■ Exercise objective ■
Only the lines from the one containing "Scary Pumpkins Elastic" through the end of the data below are to be repeated, exactly as given, without pictures.

■ Recorded data ■
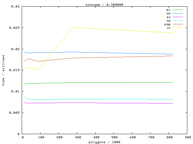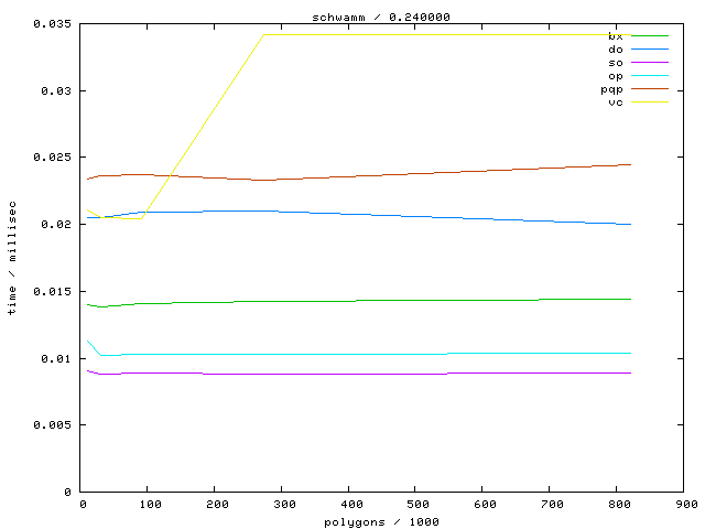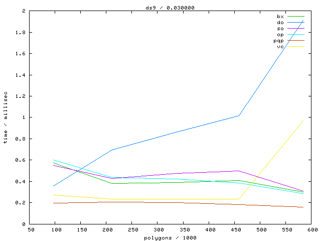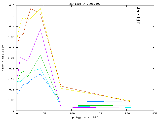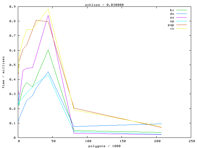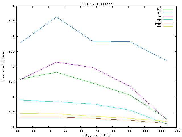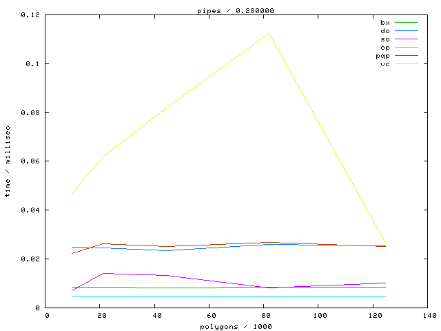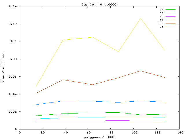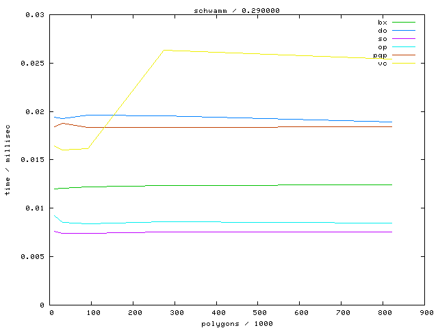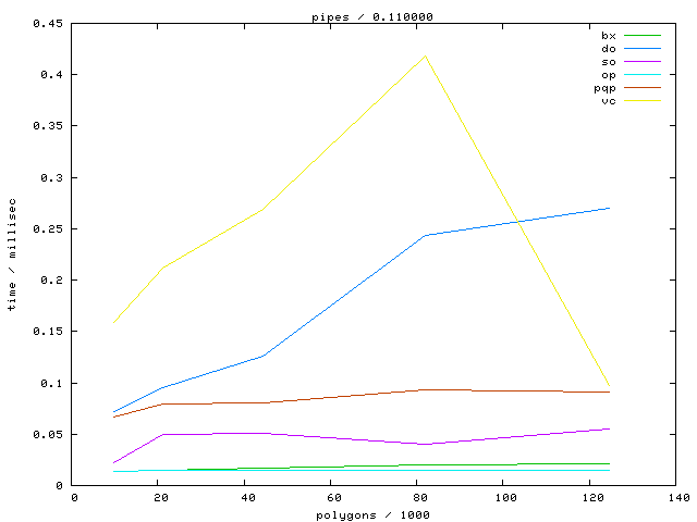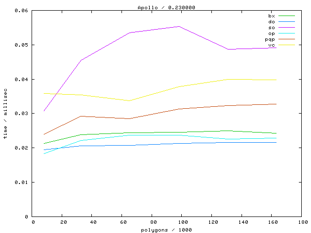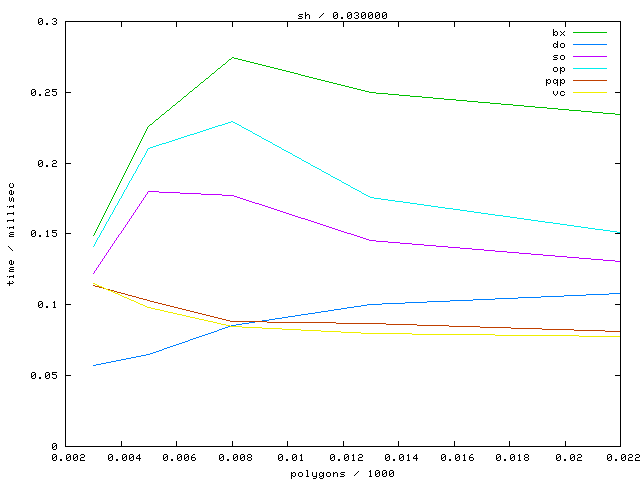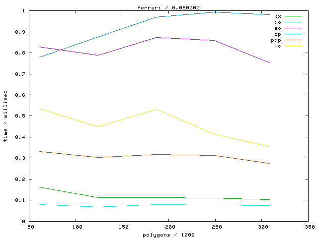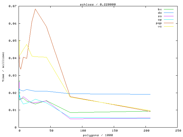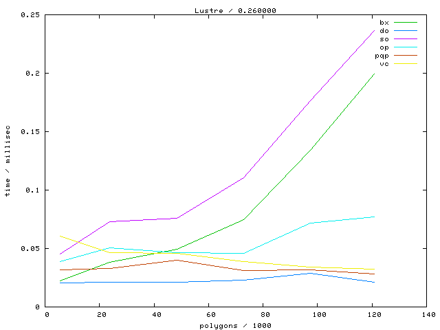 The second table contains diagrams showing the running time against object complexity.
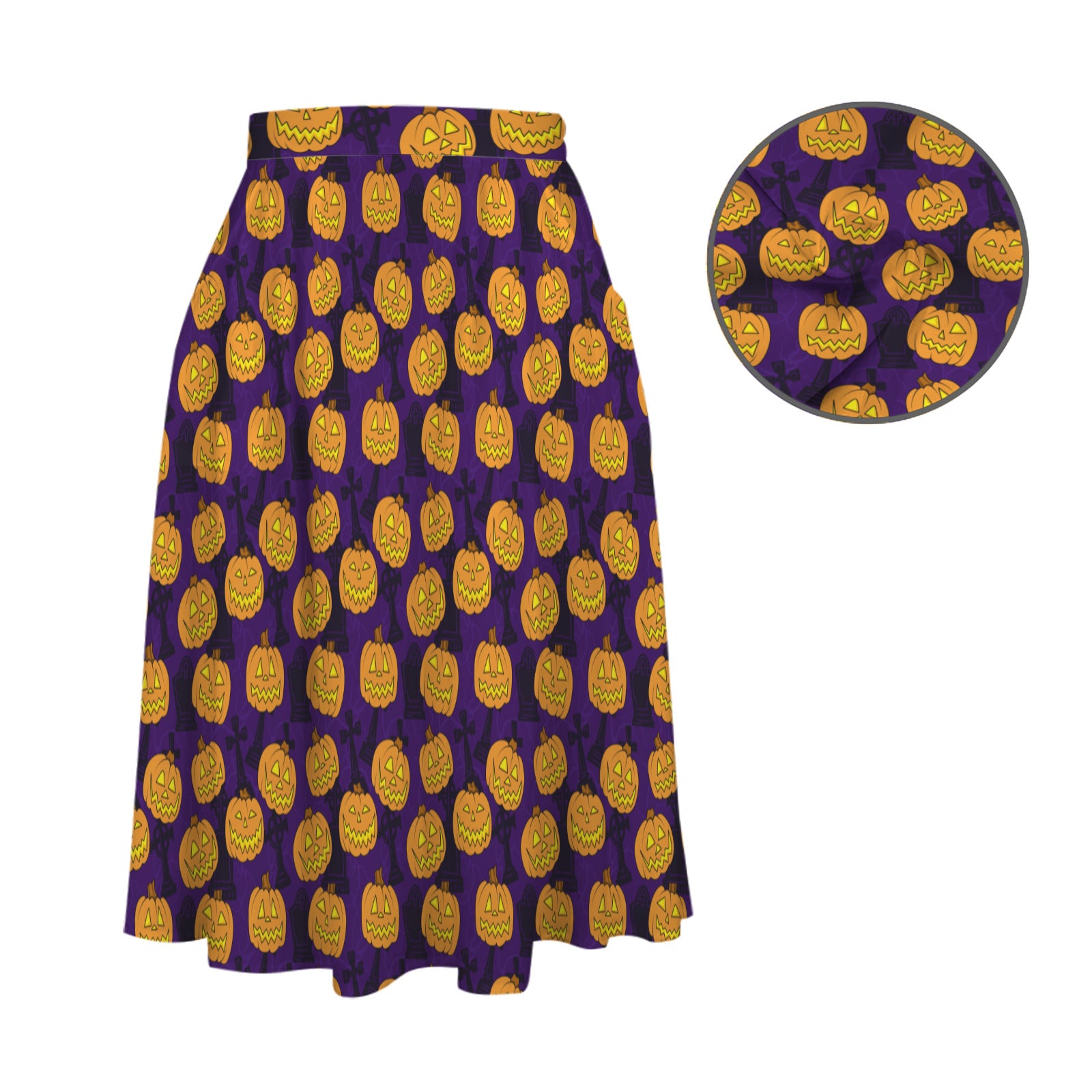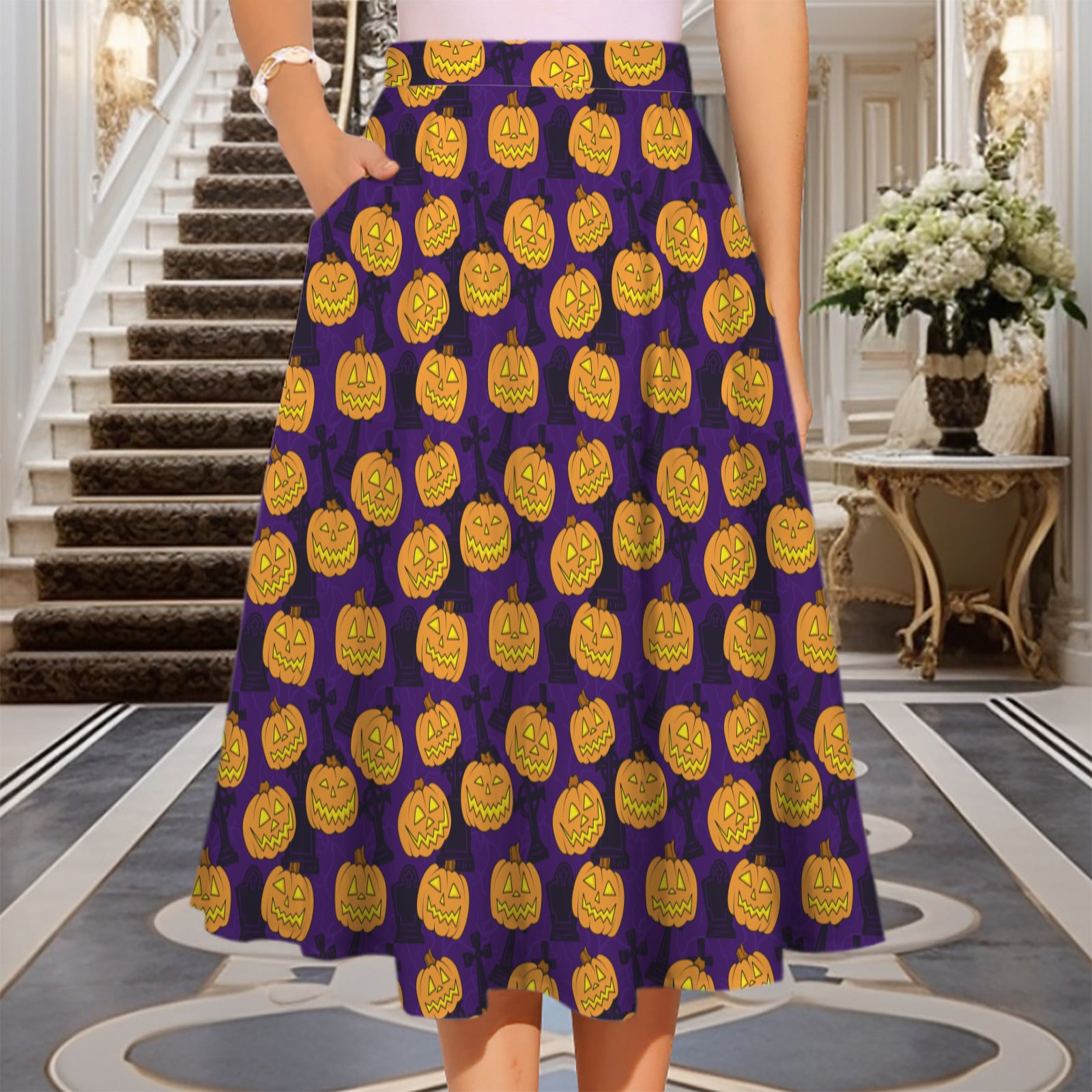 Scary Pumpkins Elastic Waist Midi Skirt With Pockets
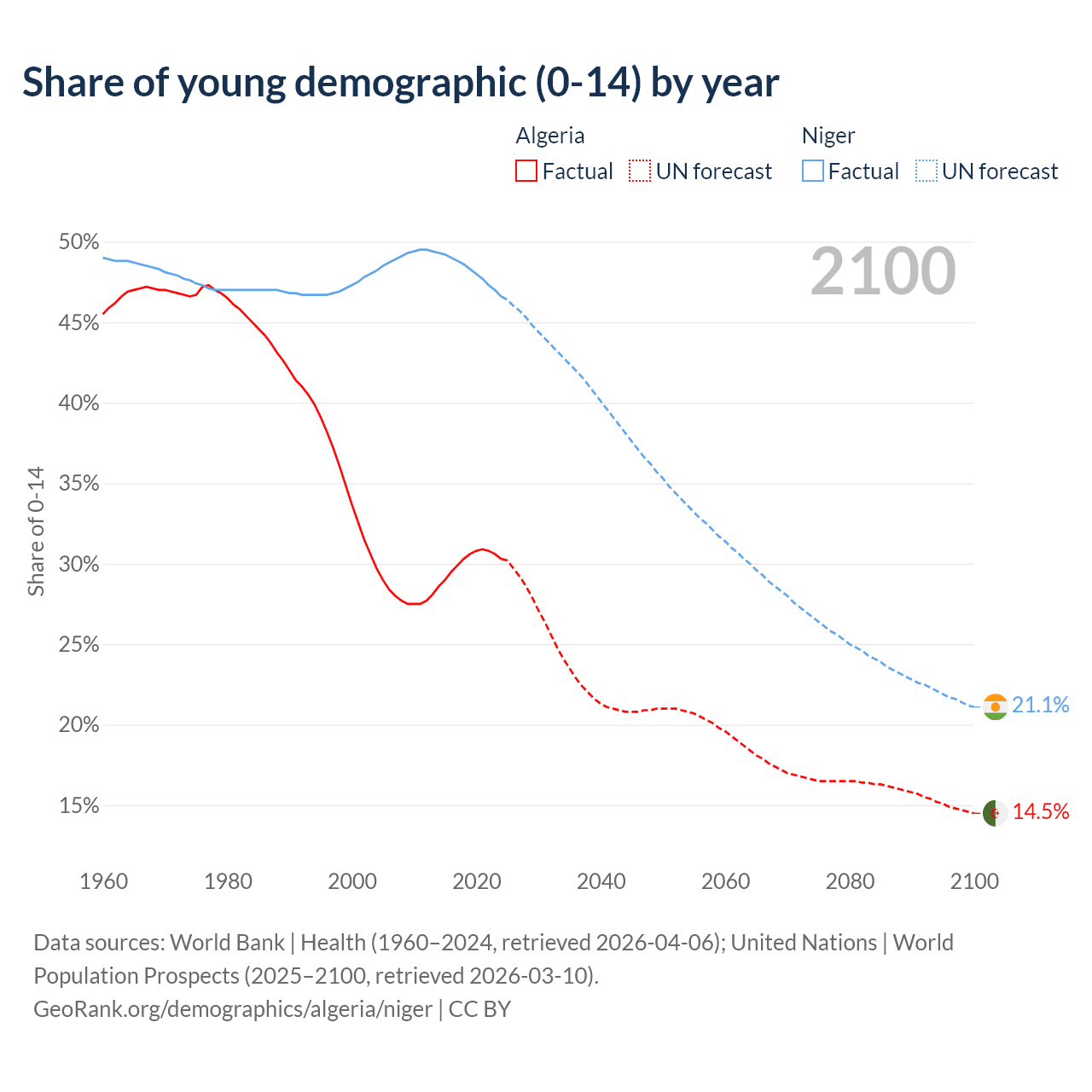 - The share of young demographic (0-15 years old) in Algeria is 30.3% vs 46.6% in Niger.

■ Exercise solution ■
 Scary Pumpkins Elastic Waist Midi Skirt With Pockets
 - The share of young demographic (0-15 years old) in Algeria is 30.3% vs 46.6% in Niger.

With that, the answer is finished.